Once again, the first person in Sydney's Apple store line-up for the latest iPhone launch is doing it purely as a PR stunt. So is the second. The third, however, seems to be a genuine Apple fan, but he doesn't seem to mind the other two.
It is now the norm for businesses to piggyback off the hype generated by a new Apple product launch in order to execute a marketing or PR campaign.
If the line-up outside the Apple Store on Sydney's George Street is anything to go by, this isn't going to change anytime soon, with Christian Ibrahim and Salvatore Gerace, both marketing coordinators for an e-commerce startup venture called Alphatise, claiming the first and second spots in the line outside Sydney's Apple Store.
They took their seats in front of the George Street store last Tuesday, and want to give away the first two iPhone 6 devices purchased in Australia — in fact, the world — to two lucky Alphatise customers.
"This is a massive PR stunt for the company, Alphatise," Ibrahim told ZDNet. "We devised the strategy with the creator of Alphatise, Paul Pearson. We've executed the plan, and project managed the logistics of it.
"We just wanted to be a bit different. As a startup, we want to help change the startup culture in this country. We want to be the pioneers of how Australia can become like Silicon Valley," he said.
However, this strategy is already an old idea, with Ibrahim and Gerace walking a well-trodden path that bears the footprints of companies such as Airtasker and OtterBox, along with dozens of other secondary companies that sell apps or cases for iPhones and other Apple products.
In September 2012, the impending launch of the iPhone 5 saw, publishing manager for mobile phone comparison site mobilephonefinder.com.au, snap up the number one position in the line — ultimately resulting in him becoming the first person in the world to get his hands on the device.
He was joined by at least six of his colleagues in the line-up, and said at the time that his company would give away the first phone sold. Foot also said that he was there basically to promote his company's website — which is no longer active.
Meanwhile, Sydney-based online task marketplace provider Airtasker has taken a step away from using the event purely for marketing purposes, after paying former truck driver Steve Parkes almost AU$1,000 to stand in the Sydney store's iPad 3 line in 2012.
"He lined up for Airtasker, for the iPad 3, and also lined up again for the iPhone 5," Airtasker co-founder and CEO Tim Fung told ZDNet. "But that second time around, someone else hired him; it wasn't us."
Fung said that although Airtasker is once again posting iPhone line-up jobs on its website, this time the focus is on the product, not the publicity, and using the event as an entryway for customers to explore the company's broader offering.

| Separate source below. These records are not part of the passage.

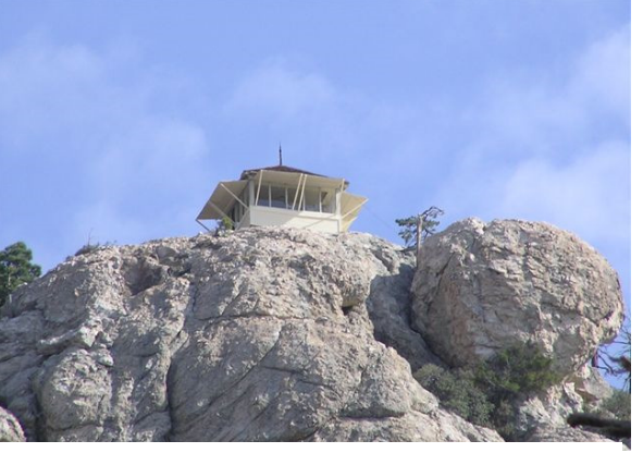
Lemmon Rock Lookout View from Below
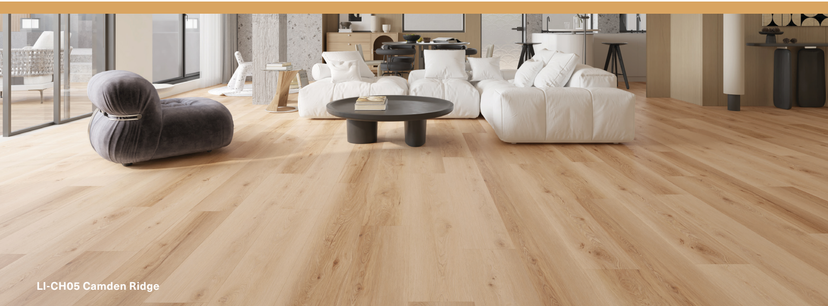
LI-CH05 Camden Ridge
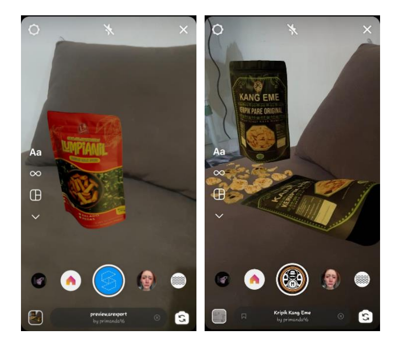
Figure 3. Augmented Reality Concept in Product Packaging

The workshop on the use of Augmented Reality technology based on social media is given by a team from the D3 Software Engineering study program, Faculty of Applied Sciences. This training is given to all participants to provide knowledge and additional promotion methods using AR technology on social media, especially Instagram. Participants are given an overview of AR technology, applications that can be used to create AR-based promotional content, and participants practice on their respective gadgets to create promotional content on Instagram through stories or posts that raise their brand using AR technology.
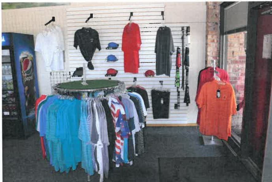
Bobby Jones Golf Course Pro Shop Merchandise

See the table on the following page for ratings of the seven audit objectives by individual department:
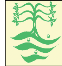
Association for Clinical Biochemists in Ireland
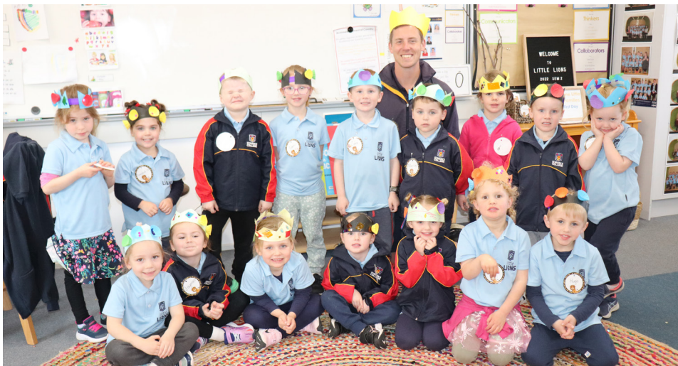
LITTLE LIONS > Our Little Lions made their own colourful crown in memory of Queen Elizabeth
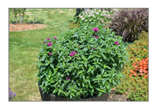
Pardon My Purple Beebalm in bloom

This plant will require occasional maintenance and upkeep, and should be cut back in late fall in preparation for winter. It is a good choice for attracting bees, butterflies and hummingbirds to your yard, but is not particularly attractive to deer who tend to leave it alone in favor of tastier treats. Gardeners should be aware of the following characteristic(s) that may warrant special consideration;
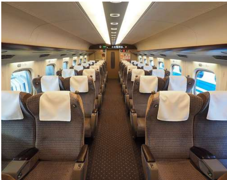
Business Class Shinkansen to Osaka

Today, you will transfer to Tokyo Station and board the bullet train to Kyoto (Green car train tickets included). After you arrive at Kyoto Station, our driver will pick you up and explore the best destination in Kyoto.
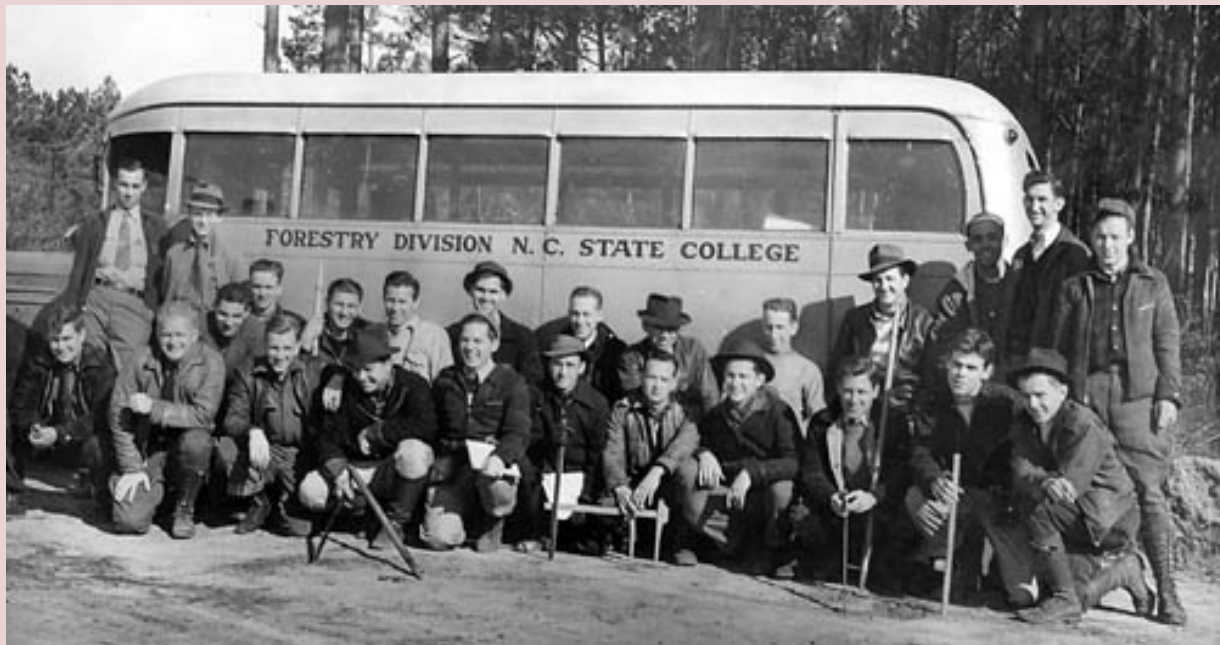
Classes of the Forest School at North Carolina State College often spent the spring term of their junior year at the Hofmann Forest. In this photograph, the class of 1941 poses in front of its bus.

The project, by providing access to resources from four significant collections and to interpretative Web pages, will increase research opportunities in exploring forest history. The resources provided through this collaboration will expand the visual and textual information available on the Web on southeastern forests, forest management, and forestry education. These materials are currently used primarily by researchers who either travel to North Carolina to view them firsthand or by researchers outside the state who ask archivists at the four institutions for help in examining the materials. The institution then usually sends photocopies of small portions of
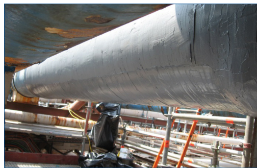
Belzona 4301 (CR1) for chemical resistance
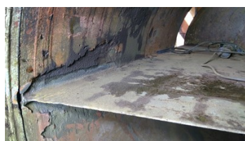
Damages to the valve's body.

A Howell Bunger Free Discharge valve is commonly used for handling high flow rates from dams and reservoirs. The valve was inspected identifying severe corrosion, erosion, and wall thickness loss of the internal flow dividing walls; specifically at the fixed cone, valve's body, and shutter.

"Everyone thought it was a great stunt, but what we noticed was that since then, more people have been using the iPhone queue for PR stunts, and people don't generally like it," said Fung. "So, this time, we're doing it more for the product offering, rather than the PR.
"We know that this kind of event is a good entry point," he said. "It's really now all about establishing that point of entry, and establishing the beginning of a life cycle for Airtasker users."
Airtasker is currently listing about 200 iPhone 6 line-up queuers, each with a price tag of between around AU$100 to AU$200. Fung said there will probably be at least 30 to 40 Airtaskers in the line-up at the Sydney store, come launch day.
"There's one guy who's got seven people lining up just for him. I expect about 50 percent of these line-ups to be happening," he said. "Last time, for the iPhone 5, we had about 40 people lining up."
Given Fung's forecast, there is a good chance that a hefty proportion of those in the line-up in Sydney tomorrow will not be there for themselves, but rather for somebody else who is paying them for the privilege of claiming a first-shipment iPhone 6.
As of mid-afternoon on Wednesday, there were only three people in the Sydney line, two thirds of which were present for Alphatise's PR campaign. By Thursday afternoon that number had swelled to about 70 queuers, diluting the PR stunt/Apple fan ratio.
Despite having Ibrahim and Gerace in front of him in the line, the man in third place told ZDNet that he didn't mind playing third fiddle to a marketing stunt.
"I don't mind at all," he said. "We're friends now. We've had lots of time to talk with each other."
It's certainly a far cry from the iPhone 3 and 4 launches, which saw crowds of people camped out in front of Apple stores long before crunch time, and it begs the question: Will there be any genuine Apple fans lining up for the next iPhone launch — whenever that may be?